2.1.4 Limitations by Context
“Space” is a very general notion that can be understood in different ways in different performative contexts. For instance, our understanding of the movements of fellow pedestrians on the street is subtly different from our understanding of actors pacing about a designated stage. Even stages differ, and a proscenium arch can frame the action in a way that encourages a different kind of dramatic interpretation than a stage that is not so clearly divided from the viewing gallery. So our perception of how space is framed can influence our construal of meaning within that space (Fischer-Lichte and Riley, 1997). Just as the physical stage frames our conception of space, physical actors frame our notions of gesture and locomotion. We make a simplifying assumption in this work that our robots exhibit comparable degrees of freedom to an able-bodied human actor, but this need not be the case, Different robot platforms presuppose different kinds of movements, and support different degrees of physical verisimilitude (see Section 6.3). While we accept the limitations of our current platform, the anthropomorphic Nao, and choose our actions and schemas to suit these limitations, other robot platforms may afford fewer or greater opportunities for embodied meaning-making.

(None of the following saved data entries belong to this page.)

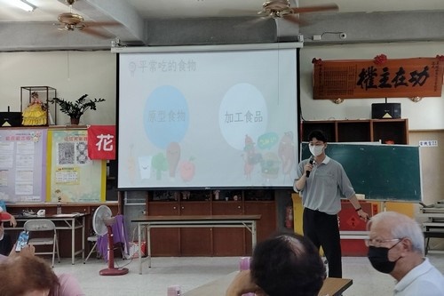 ▲高齡暨社醫部行政組洪從善組長,為社區長者帶來專業知識和實踐經驗,向長輩介紹正確的飲食、運動方式以及相關的醫療健康風險。(攝影/李明諺)
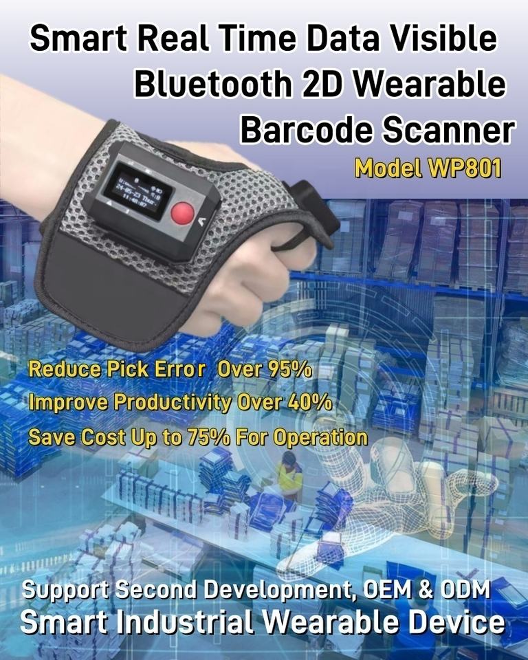 Guante DE DATOS Visible Manos libres Bluetooth 1D 2D QR Lector de código de barras Escáner de código de barras portátil para almacén inteligente Fabricación Postal
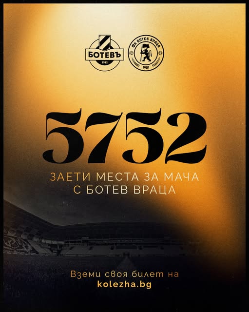 24 часа преди мача заетите места на „Колежа“ за домакинския мач с Ботев (Враца) от шампионата на Първа лига по футбол са точно 5752.
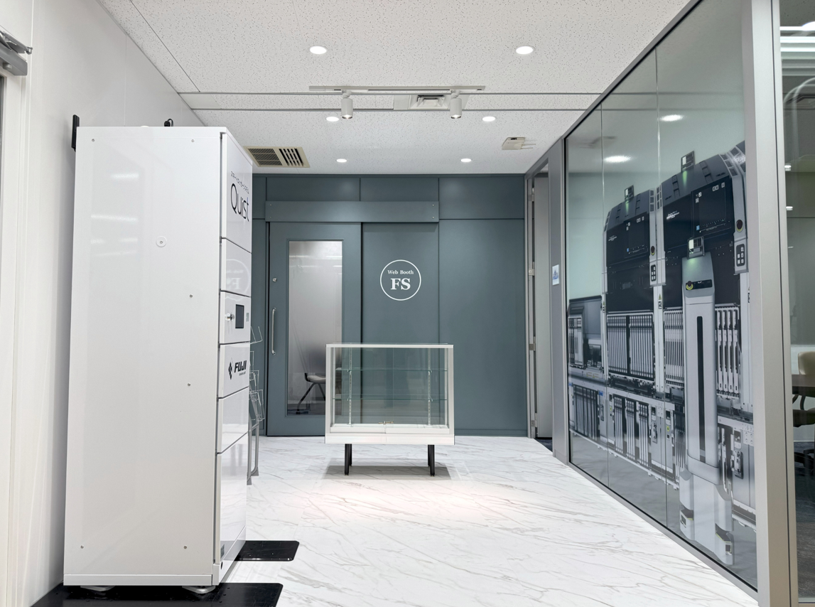 ガラスのパーティションには株式会社FUJI様の電子部品実装機や工作機械をイメージさせるグラフィックデザインを施し、来訪者に強いインパクトを与えます。
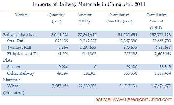 Imports of Railway Materials in China, Jul. 2011
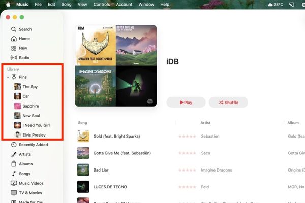 Trên Mac và Apple TV: Một danh mục “Đã ghim” (Pins) sẽ được tạo và hiển thị trong thanh bên trái của Thư viện.
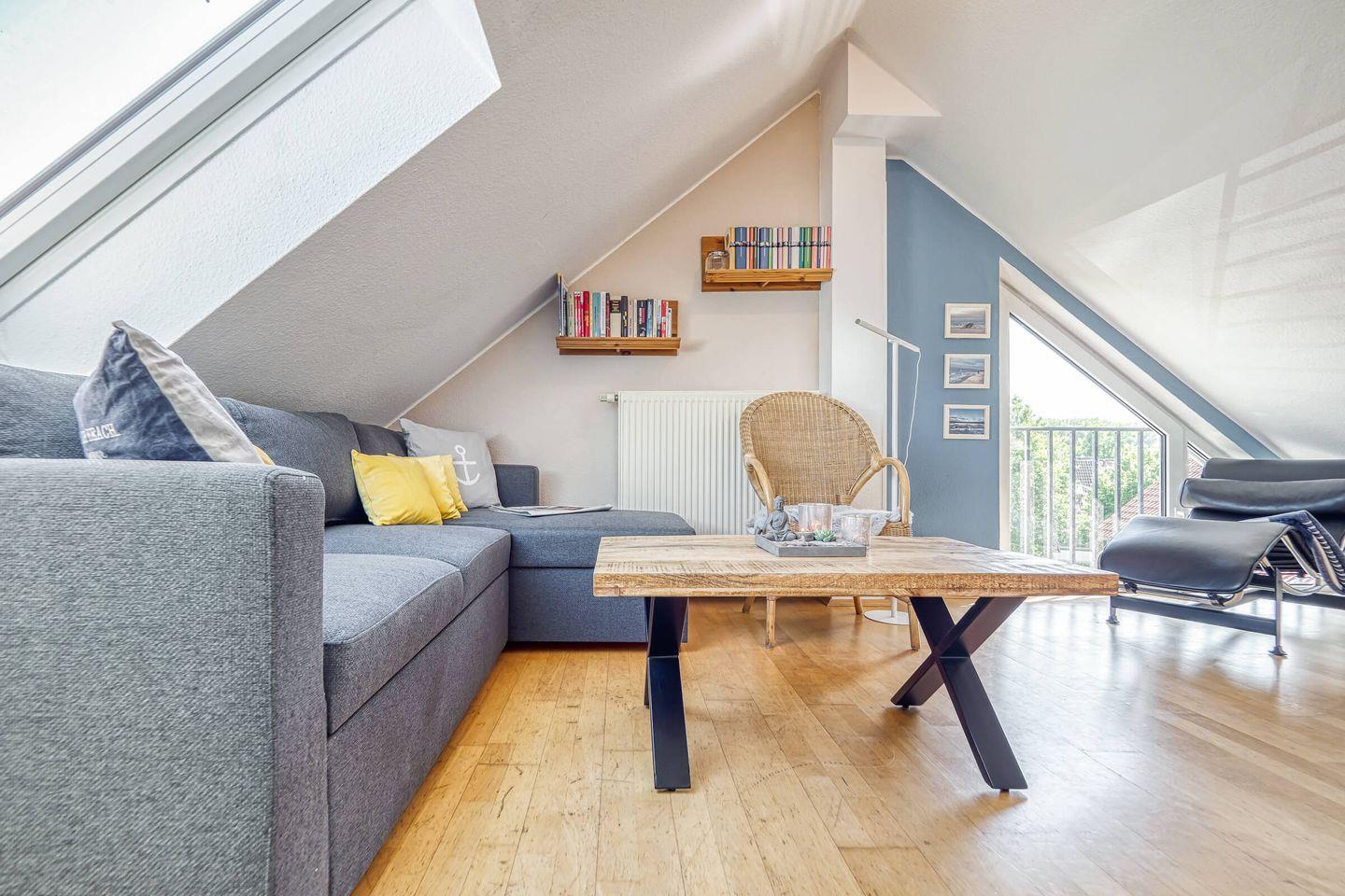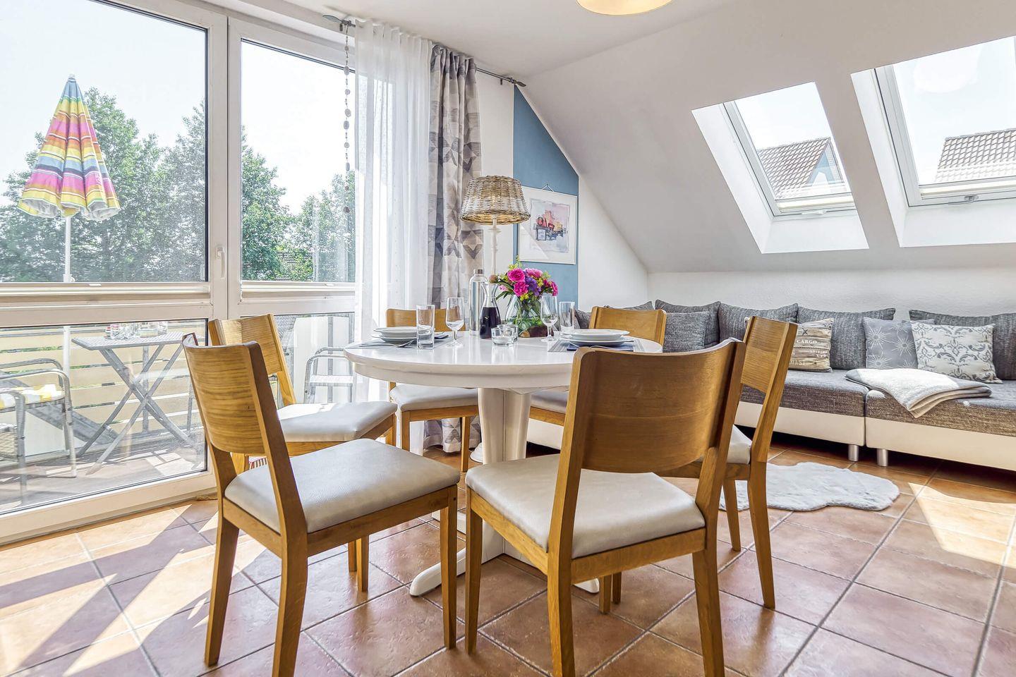 Egal, ob mit den Kindern, Freunden oder einfach nur zu zweit: Die Ferienwohnung „Seeschwalbe“ ist hierfür der ideale Ort. Direkt am Deich und dem wunderschönen kilometerlangen Sandstrand des Darß gelegen, bietet die helle und freundliche Maisonette-Wohnung auf zwei Etagen hinreichend Platz für vier, im Bedarfsfall auch für bis zu sechs Personen.
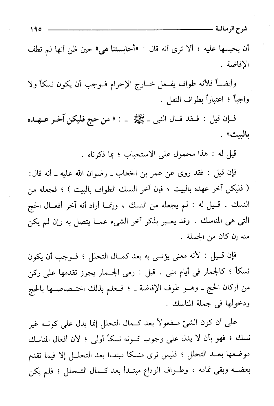 فإن قيل: فقد روي عن عمر بن الخطاب- رضوان الله عليه- أنه قال: (فليكن آخر عهده بالبيت؛ فإن آخر النسك الطواف بالبيت)؛ فجعله من النسك. قيل له: لم يجعله من النسك، وإنما أراد أنه آخر أفعال الحج التي هي المناسك. وقد يعبر بذكر آخر الشيء عما يتصل به وإن لم يكن منه إن كان من الجملة.

2.2 Exploring Meaning in Movement
Robots do more than stand in for the characters in a story. Their performances should convey meaning that augments that of the spoken dialogue and narration. When we speak of the semantic interpretation of movements and gestures, it is tempting to ground this interpretation in a componential analysis, and ask: what are the components of gestures and other movements that convey specific aspects of meaning? In sign language, for instance, signs have a morphemic structure that can be dissected and analyzed (Padden, 2016). But gestures are not signs in any sign-language sense, and cannot usually be dissected into smaller meaningful parts. Indeed, signers can use gestures with sign language, just as speakers use them with spoken language (Goldin-Meadow and Brentari, 2017). Moreover, there is some neuro-psychological evidence that speech-accompanying gestures are not processed by language-processing mechanisms (Jouravlev et al., 2019). Our gestures give additional context to speech, while speech gives a larger context to our gestures. They add meaning to language (Kelly et al., 1999; Cocks et al., 2011) while not strictly constituting a language themselves. Some gestures indicate that a speaker is looking for a certain word [these are called Butterworth gestures by McNeill (1992)], and so serve a meta-communicative function. Likewise, a speaker can produce many kinds of unplanned movement while communicating with language, such as tugging the ear, scratching the head or waving the hands, and although an entirely natural part of embodied communication, we do not seek to replicate these meta-communicative gestures here. Rather, our focus is on gestures that communicate specific meanings, or that can be used to construct specific metaphors.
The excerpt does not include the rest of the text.